Hearing resumes after judge denies Boeing motion

SEATTLE — A federal law enforcement agency’s hearing on allegations that the Boeing Co. broke federal labor laws when it moved work from its Everett plant to South Carolina resumes Wednesday morning in Seattle.

Last week, the federal judge presiding over the case denied a motion by the company’s lawyers to dismiss the complaint filed by investigators for the National Labor Relations Board.

“This reaffirms what we have said all along, that Boeing provided no facts or legal basis as to why the case should be dismissed,” said Connie Kelliher, spokeswoman for Machinists Union District Lodge 751. “The case will now proceed to a trial, as it should, on its merits.”

In a 19-page ruling issued June 30, Judge Clifford Anderson said many of the arguments Boeing had made in its motion to dismiss couldn’t be decided until after more evidence is presented in court.

But representatives of District 751 pointed out three key decisions by the judge that represent clear wins for the NLRB, which accuses Boeing of illegally retaliating against union members by moving the second 787 final assembly line, plus associated supply chain work, away from established factories in Washington and Oregon to new plants in South Carolina.

  • Judge Anderson rejected claims by Boeing lawyers that comments by CEO Jim McNerney – that the company was moving work away from Puget Sound because of past strikes — could not be construed as unlawful threats against workers.
  • Anderson cited settled NLRB case law in rejecting Boeing’s arguments that it was free to place a second 787 line in South Carolina because it was “new work,” and thus Puget Sound workers were not yet harmed by the move.
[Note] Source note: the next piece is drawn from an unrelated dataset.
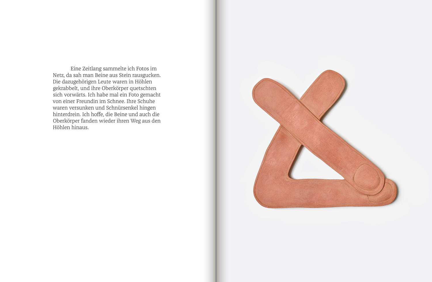 “I want to carve the message in stone”—a statement that echoes the desire to preserve the ephemeral. But what message is meant remains unclear: are they the contours of body parts etched into red clay? Or simple calculations like 2+1-1-1? In her publication, Sophie Aigner explores the idea of voids and losses—ranging from literal holes dug into the ground to irretrievable moments of life.
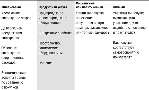 Во-вторых, покупатели распределяют потенциальные преимущества по различным категориям. К наиболее распространенным относятся финансовая, продукт-услуга, социально-политическая и личная. Для некоторых покупателей основными становятся финансовые преимущества, другие выше всего ставят социально-политические, а именно то, как другие сотрудники компании оценят покупку. Конечно, категории могут быть связаны между собой – например, когда покупка продукта по самой низкой цене (финансовое преимущество) ведет к хорошей оценке деятельности и повышению (социально-политическое преимущество).

Both claims have been pillars of Boeing’s increasingly public and political defense for the discriminatory transfer of work from Puget Sound to South Carolina.

Finally, Anderson rejected Boeing’s attempt to narrow an NLRB proposal to move the 787 work back to Puget Sound and Portland as a remedy for the alleged violation of the law. The judge noted that returning the work to where it belongs is a standard remedy in similar NLRB cases, and it is too early in the proceedings to make any judgments on remedies.

All of Boeing’s other pre-trial efforts to derail the case were rejected entirely.

Originally formed in 1935 to represent hourly workers at Boeing, District 751 now represents 28,000 working men and women at 44 employers across Washington, Oregon and California. In 2010, District 751 members used collective bargaining to reach contracts with 22 of those employers, without a single work day lost to strikes.